TL;DR
Datacurve released DeepSWE on May 26, 2026, reporting a much wider spread between leading AI coding models than SWE-Bench Pro. The company says the gap comes from harder original tasks, stricter behavioral grading and fewer contamination risks, though independent validation is still needed.
Datacurve released DeepSWE on May 26, 2026, a new software engineering benchmark that ranks leading AI coding models across a much wider performance range than SWE-Bench Pro, raising fresh questions about whether older coding leaderboards have been compressing real differences between frontier systems.
According to the source material, DeepSWE places GPT-5.5 at the top of its leaderboard with a 70% pass rate, followed by GPT-5.4 at 56%, Claude Opus 4.7 at 54% and Claude Sonnet 4.6 at 32%. The same set of models was described as clustering inside a roughly 30-point band on SWE-Bench Pro, while DeepSWE spreads the field across about 70 points.

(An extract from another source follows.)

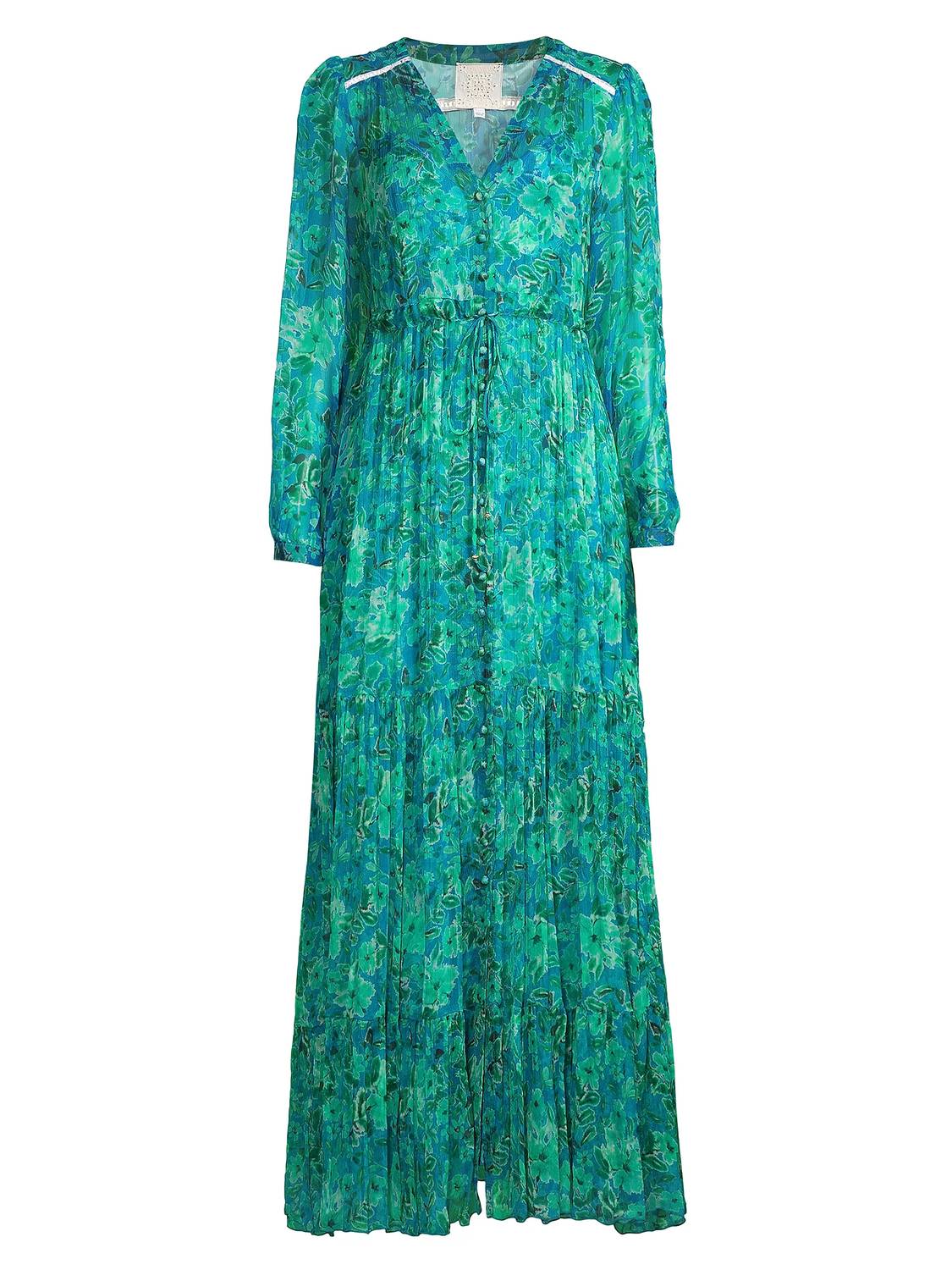 A maxi dress that is just as cute as it is comfortable. Discover the Raquel Silk Maxi Dress by Johnny Was, a boho-chic essential in a vibrant multicolor floral pattern. This luxurious piece features long sleeves with button cuffs, a flattering V-neck, and a drawstring waist for an adjustable fit. Measuring approximately 55 inches from shoulder to hem, the tiered skirt adds elegant movement with a button-front closure for easy wearing. Crafted from 100% silk and imported, it requires dry cleaning to maintain its exquisite quality. Model is 5'10" and wears a US size Small, perfect for holiday parties and Thanksgiving gatherings.

Datacurve says the benchmark uses 113 original tasks written from scratch, rather than tasks derived from previously merged open-source fixes. The company says the tasks span 91 repositories across five programming languages and require more substantial code changes than SWE-Bench Pro, with a reported mean of 668 lines added per solution compared with 120 in the older benchmark cited by the source material.
The company also says DeepSWE uses hand-written behavioral verifiers designed to judge observable behavior instead of matching a preferred implementation shape. Datacurve reports a 0.3% false-positive rate and 1.1% false-negative rate for DeepSWE verifiers, compared with 8.5% and 24.0% respectively in its audit of SWE-Bench Pro.
Why It Matters
The release matters because coding benchmarks influence model selection, procurement and engineering workflow decisions. If older benchmarks made strong models appear nearly interchangeable, buyers and developers may have had less useful evidence when choosing between coding agents.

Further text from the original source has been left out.